◆ **TASK**:
Using the material below, print a verbatim copy of every line from the one containing "輿論對(duì)2018年國" through the one containing "2017年5月8日,《人民日", inclusive, and omit the pictures.

◆ **EXERCISE INPUTS**:
>>>>

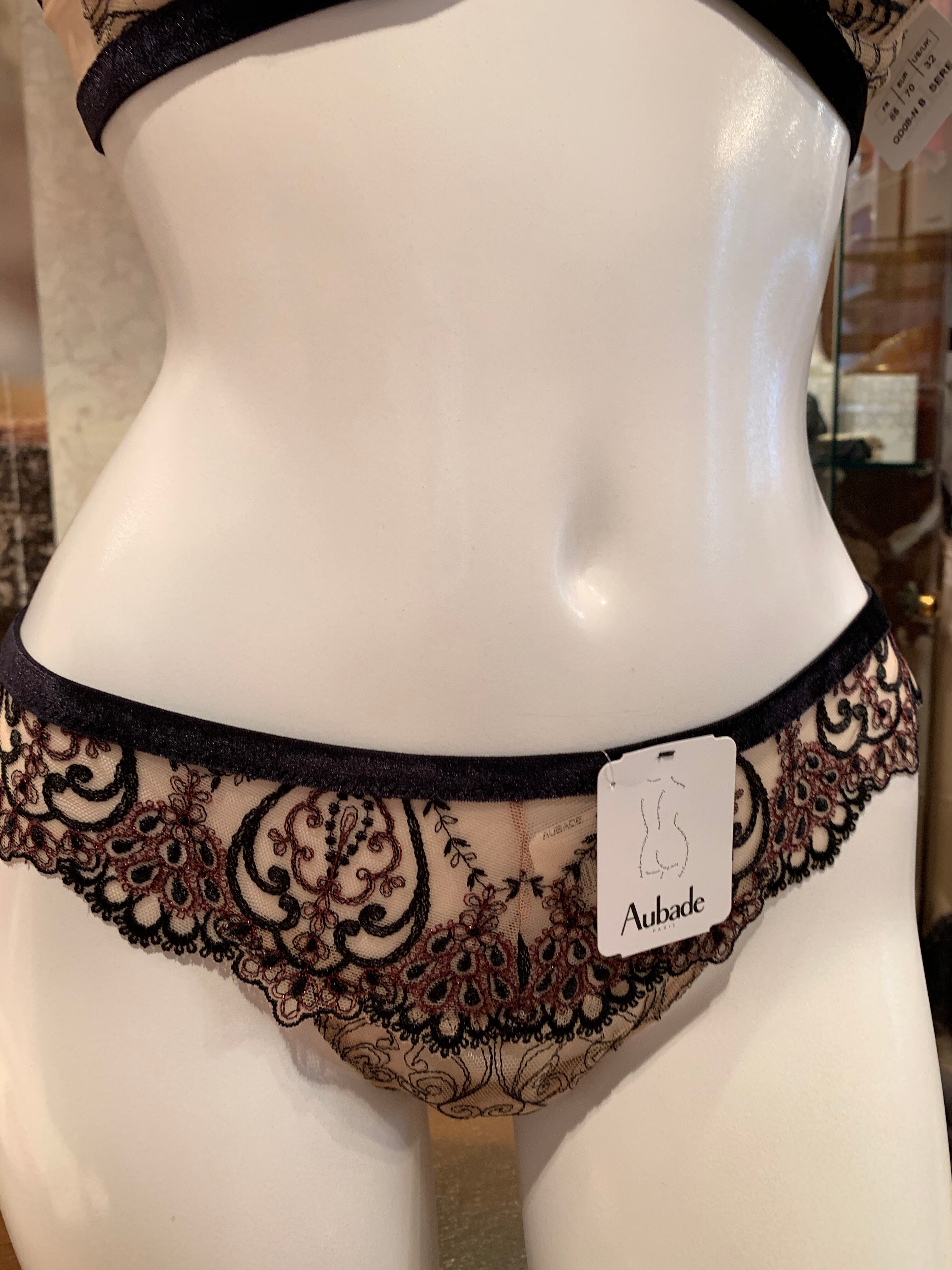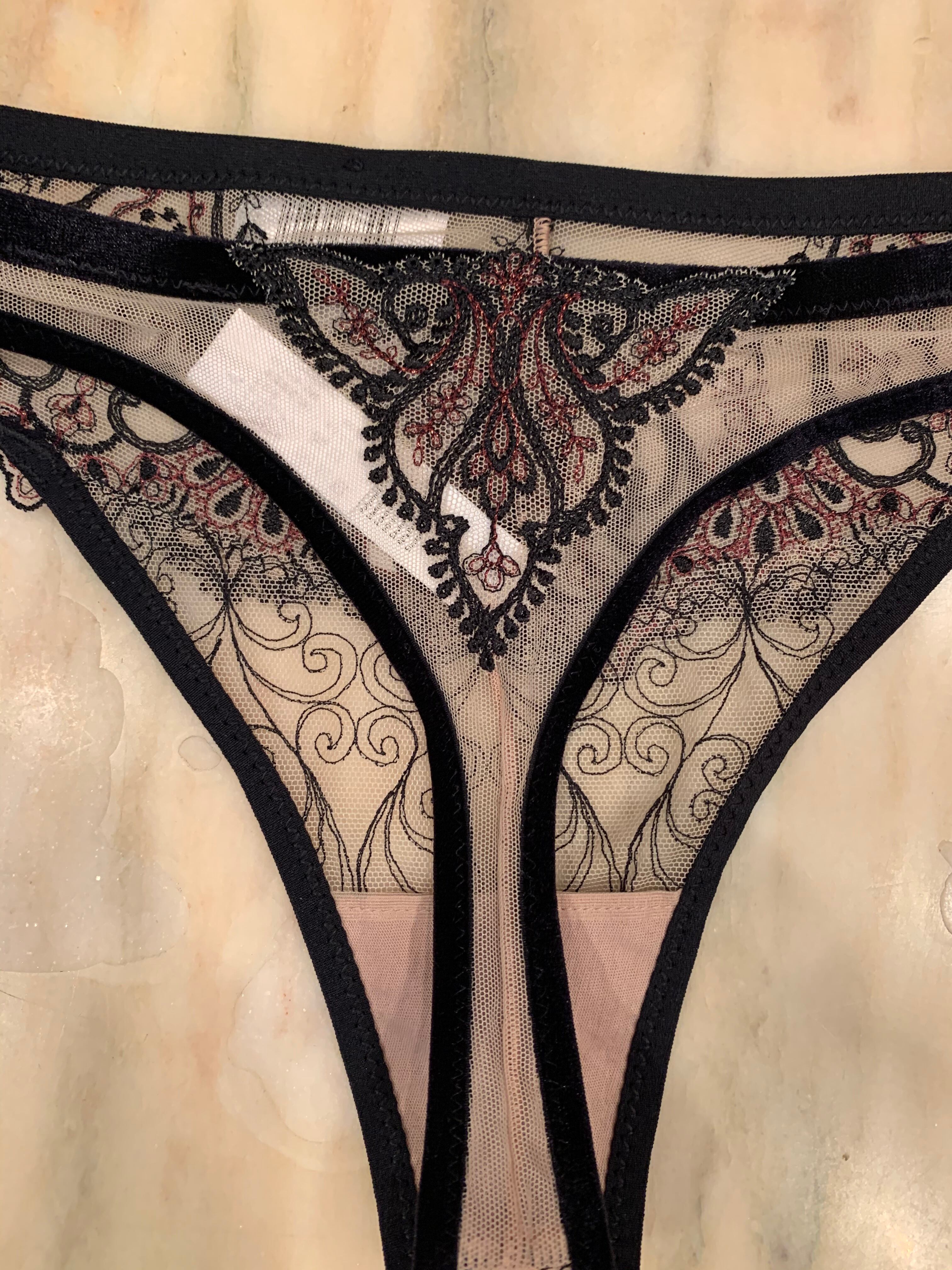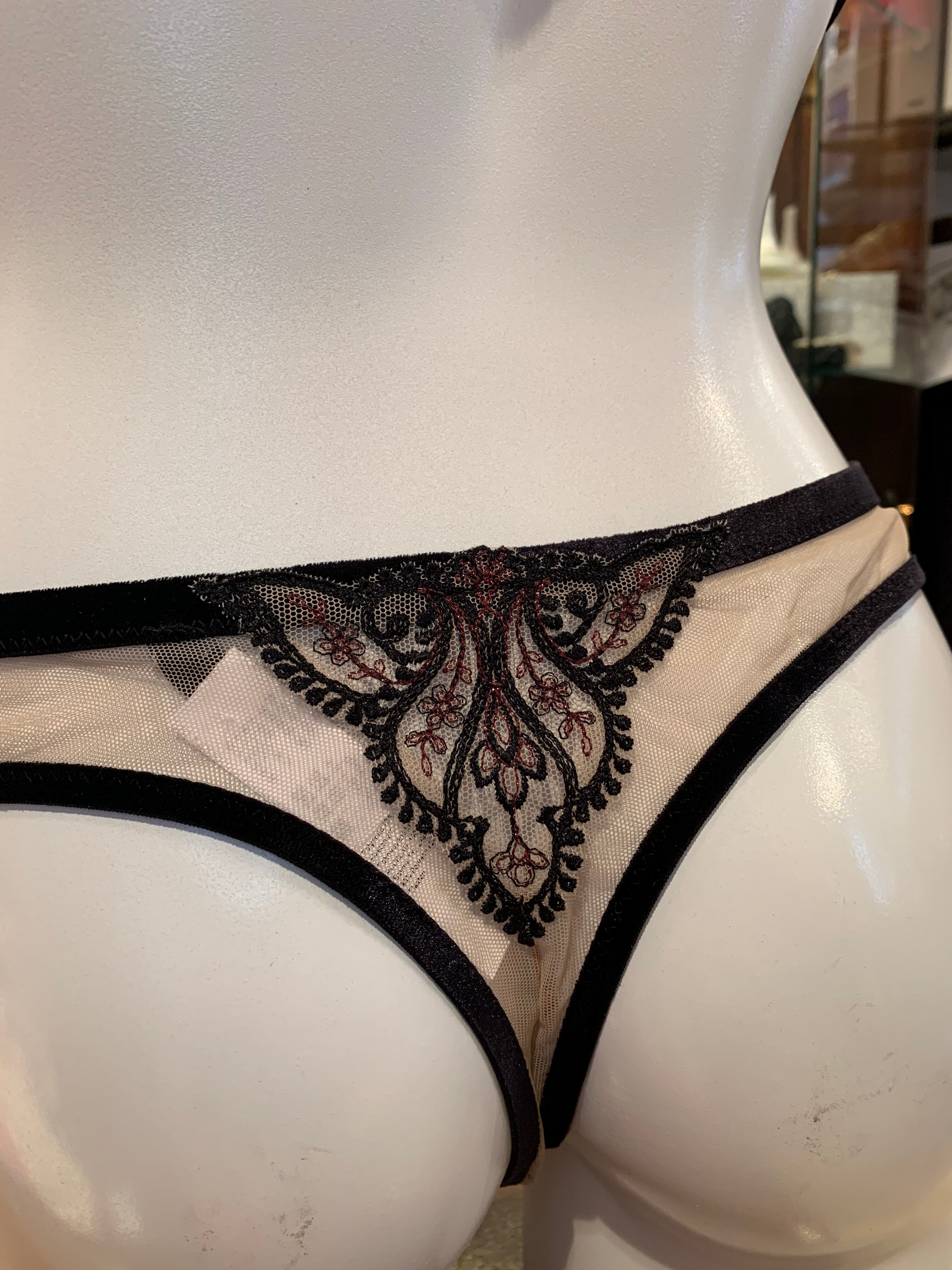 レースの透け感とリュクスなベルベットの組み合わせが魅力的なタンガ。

<<<<
>>>>

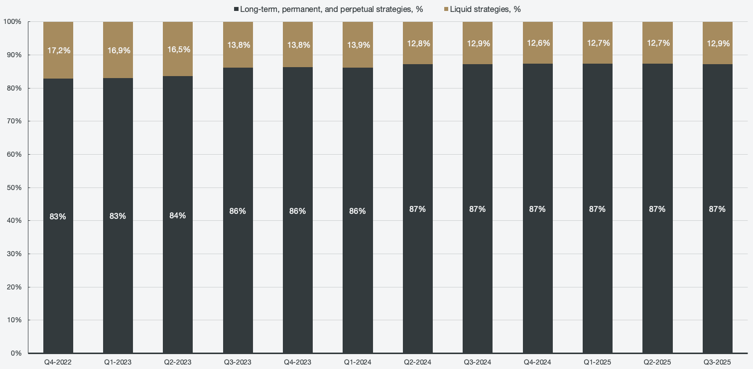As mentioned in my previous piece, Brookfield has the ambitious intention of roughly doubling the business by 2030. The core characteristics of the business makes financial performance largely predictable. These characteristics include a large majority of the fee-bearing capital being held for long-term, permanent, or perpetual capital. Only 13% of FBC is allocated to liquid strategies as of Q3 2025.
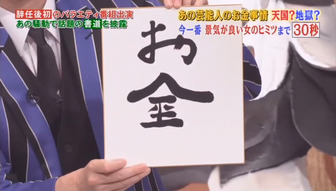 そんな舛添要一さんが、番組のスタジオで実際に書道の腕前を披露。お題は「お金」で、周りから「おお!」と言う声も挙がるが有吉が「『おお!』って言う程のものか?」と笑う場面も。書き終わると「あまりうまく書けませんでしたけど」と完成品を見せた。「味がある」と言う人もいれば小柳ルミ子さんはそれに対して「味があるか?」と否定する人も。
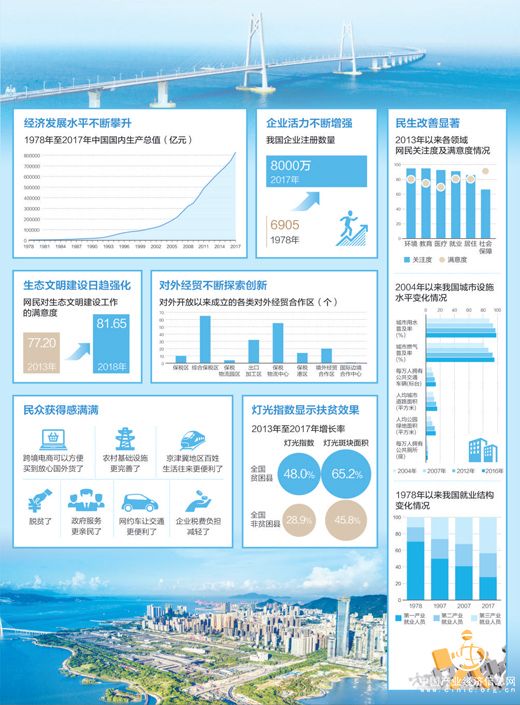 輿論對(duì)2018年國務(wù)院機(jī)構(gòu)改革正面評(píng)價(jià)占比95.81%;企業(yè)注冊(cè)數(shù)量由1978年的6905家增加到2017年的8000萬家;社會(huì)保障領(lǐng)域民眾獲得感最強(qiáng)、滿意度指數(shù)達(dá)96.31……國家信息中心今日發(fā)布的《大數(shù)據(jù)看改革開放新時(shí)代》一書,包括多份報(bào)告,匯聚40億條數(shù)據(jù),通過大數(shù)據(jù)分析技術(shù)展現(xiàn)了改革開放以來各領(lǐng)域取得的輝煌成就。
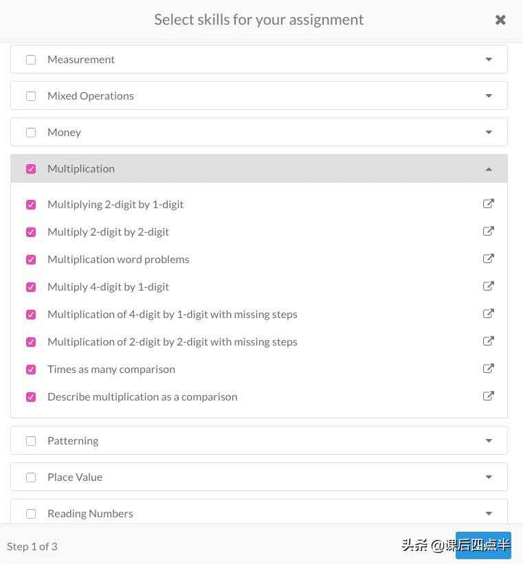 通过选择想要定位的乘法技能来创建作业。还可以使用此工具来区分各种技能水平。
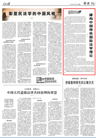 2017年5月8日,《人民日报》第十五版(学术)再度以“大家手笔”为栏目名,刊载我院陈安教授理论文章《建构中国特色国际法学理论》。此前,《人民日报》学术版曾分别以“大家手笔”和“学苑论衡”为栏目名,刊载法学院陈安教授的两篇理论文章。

<<<<

◆ **ANSWER SPACE**:
 輿論對(duì)2018年國務(wù)院機(jī)構(gòu)改革正面評(píng)價(jià)占比95.81%;企業(yè)注冊(cè)數(shù)量由1978年的6905家增加到2017年的8000萬家;社會(huì)保障領(lǐng)域民眾獲得感最強(qiáng)、滿意度指數(shù)達(dá)96.31……國家信息中心今日發(fā)布的《大數(shù)據(jù)看改革開放新時(shí)代》一書,包括多份報(bào)告,匯聚40億條數(shù)據(jù),通過大數(shù)據(jù)分析技術(shù)展現(xiàn)了改革開放以來各領(lǐng)域取得的輝煌成就。
 通过选择想要定位的乘法技能来创建作业。还可以使用此工具来区分各种技能水平。
 2017年5月8日,《人民日报》第十五版(学术)再度以“大家手笔”为栏目名,刊载我院陈安教授理论文章《建构中国特色国际法学理论》。此前,《人民日报》学术版曾分别以“大家手笔”和“学苑论衡”为栏目名,刊载法学院陈安教授的两篇理论文章。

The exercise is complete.